Now comes Perrotta’s latest novel.
Even before it has hit the shelves, Variety has reported that HBO, that juggernaut of cable television, is developing a series based on The Leftovers, a gripping tale that focuses on Mapleton, a rather picturesque American town dealing, or trying to deal, with the aftermath of a massive scale disaster. Millions upon millions of people around the world have suddenly disappeared – gone for good – in an event the book and the characters in it refer to as The Rapture.
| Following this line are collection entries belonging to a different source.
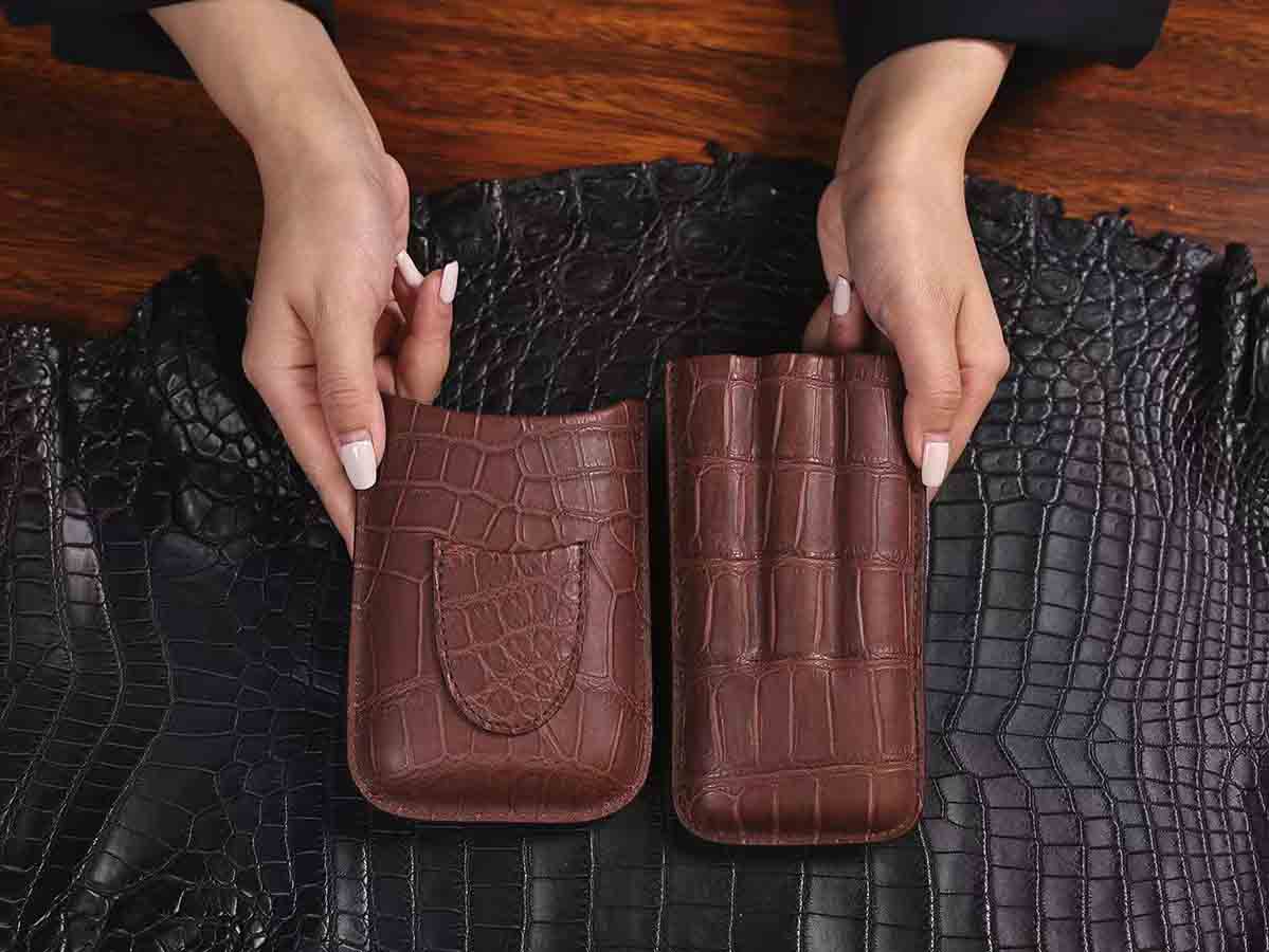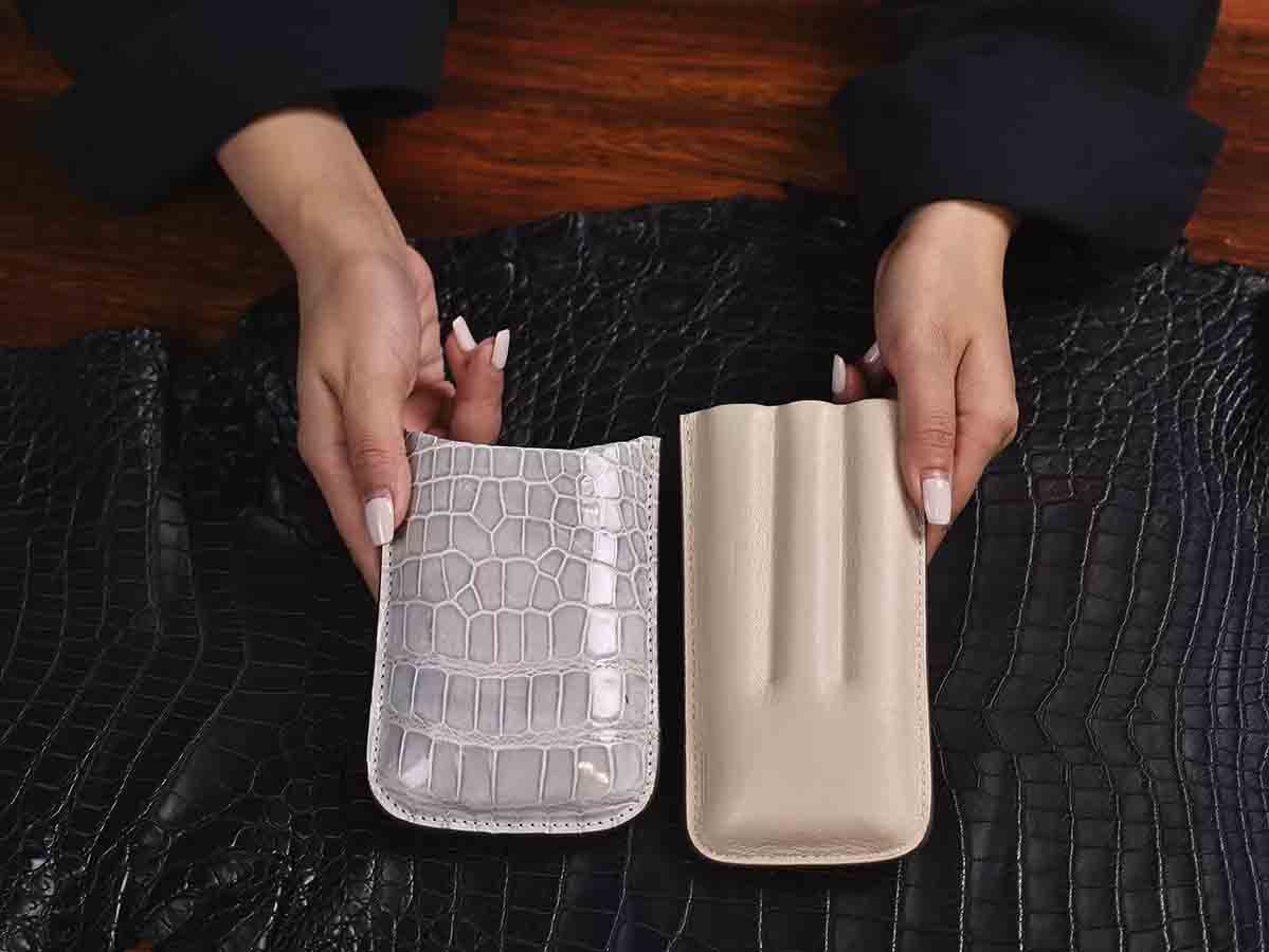 新出现货 三支装雪茄包,鳄鱼皮雪茄包设计diy定制 联系 95506803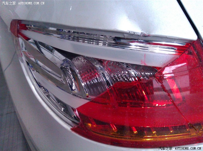。接着是晚上倒车位时尾灯撞到了柱上消防箱,左后灯破了,然后尾灯上部车身板边缘凹进去了一小块。已出险,明天去4S定损,据说要两天才能恢复,最担心的是钣金不知道能不能把凹进去的恢复原装,因为貌似很严重,漆都掉了,还要喷漆,又是珠光白的。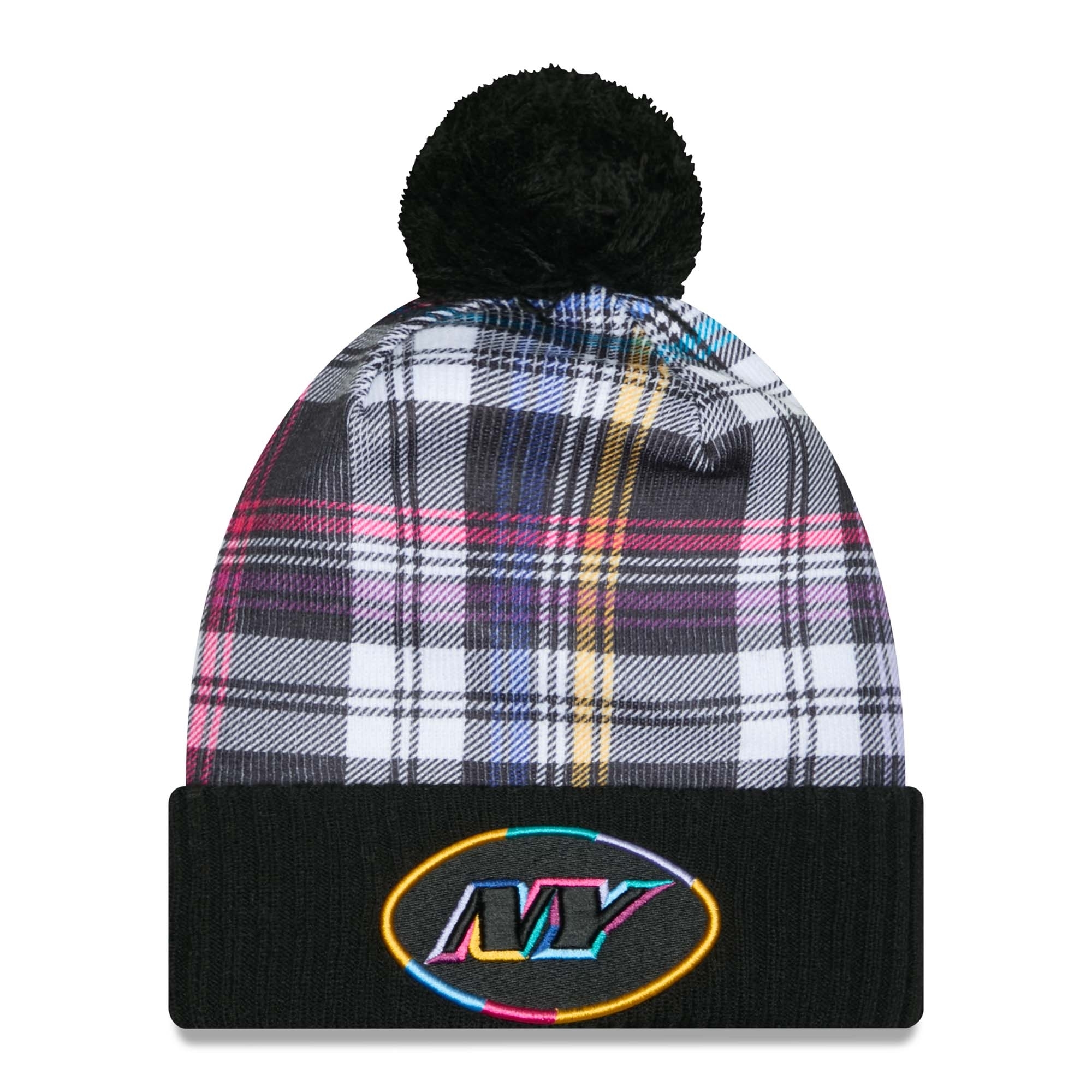 The beanie impresses with its high-quality design: an embroidered New York Jets team logo decorates the front cuff, while a Crucial Catch patch on the right side and an NFL Shield on the back add extra accents. The plaid crown gives the beanie a distinctive look, and the removable pom-pom detail completes the design.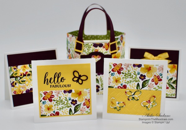 These are the note cards I made for the sample tote. For these I used Blackberry Bliss and Daffodil Delight card stock. The sentiment is from the Dressed to Impress stamp set.
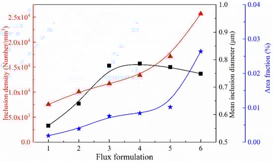 It was clear that the addition of thermite altered the metallurgical behavior of the weld metal. The microstructure of the weld metal was mainly determined by the welding heat input, alloying element content, and oxygen content (the number of oxide inclusions) []. The welding heat input required to melt the wire varied with thermite content, as evidenced by the welding current value. The difference in heat input also affected the weld metal microstructure. Conventional metallurgical ingredients, such as Mn, Ni, and Mo, were not included in the formulation for the flux-cored wires. There should be other reasons for this obvious change. It has been predicted that the addition of thermite may lead to an increase in the amount of oxygen in the weld metal. The relevant research indicated that variations in the weld metal’s oxygen content also affected the microstructural features of the weld metal [,]. Therefore, in the current study, it was necessary to analyze the changes in the amount and content of inclusions caused by the addition of thermite.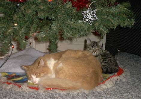 But this shot is even cuter: Sunny and Stormy are both asleep, right under the Christmas tree! Taken December 17, 2004 at 4:39 p.m.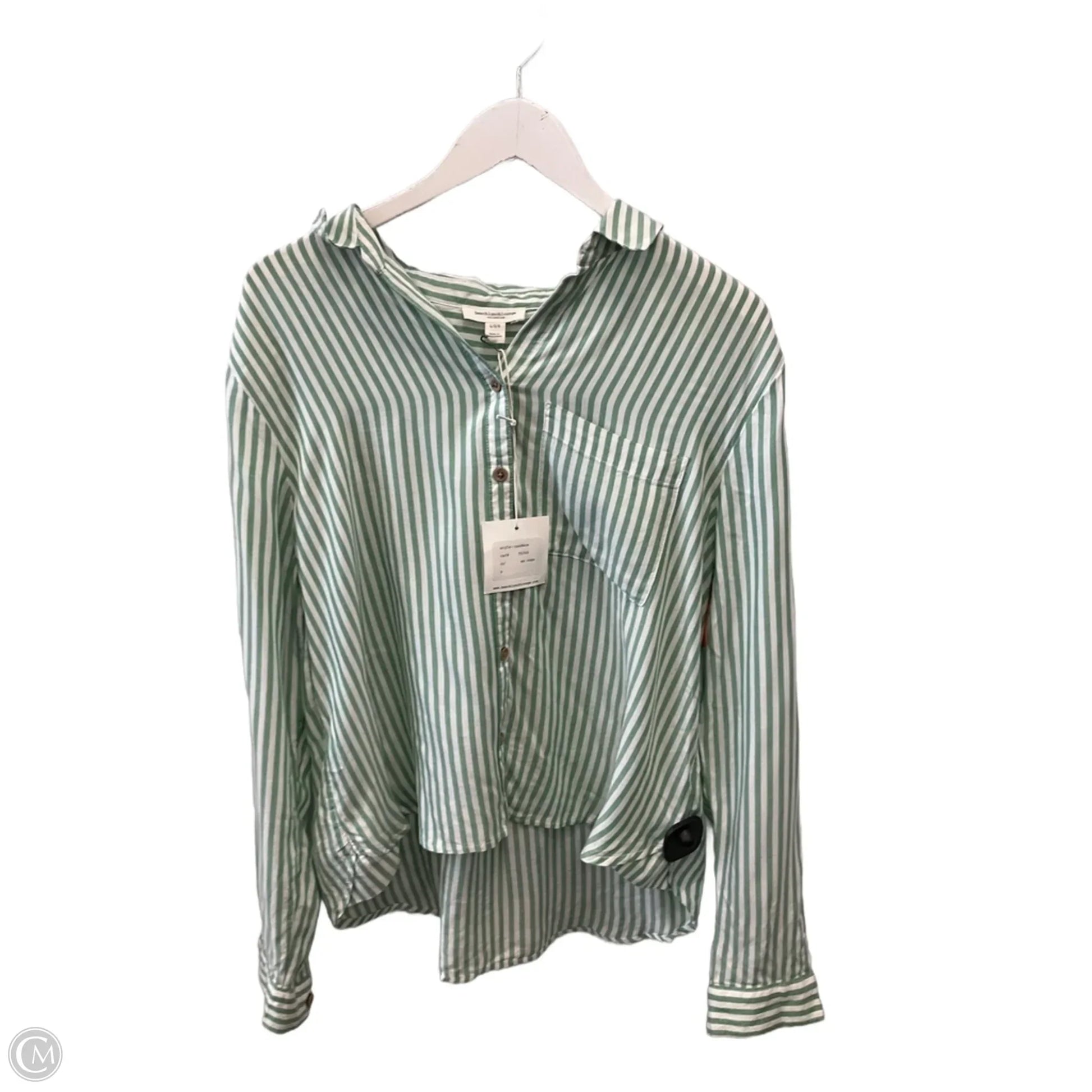 Top Long Sleeve By Beachlunchlounge In Green & White, Size: L

Had Stephen King written it, the book would probably have been called “The Rapture” and told a markedly different story, one that would likely have placed the Rapture itself as the climatic centre of the story.
Closer then, at least in terms of focus, to Cormac McCarthy’s masterwork “The Road,” which is exclusively concerned with a post-apocalyptic story of survival rather than the apocalypse itself, The Leftovers does not attempt to explain how the disaster happened or why. Nothing explodes. No blood is shown. No screams resound. In fact the victims of The Rapture, who have disappeared off the face of the earth forever, are never seen in this story, only referred back to. The actual event of their disappearing is never shown, even briefly. It has already happened. It is in the past. It is not what this story is about.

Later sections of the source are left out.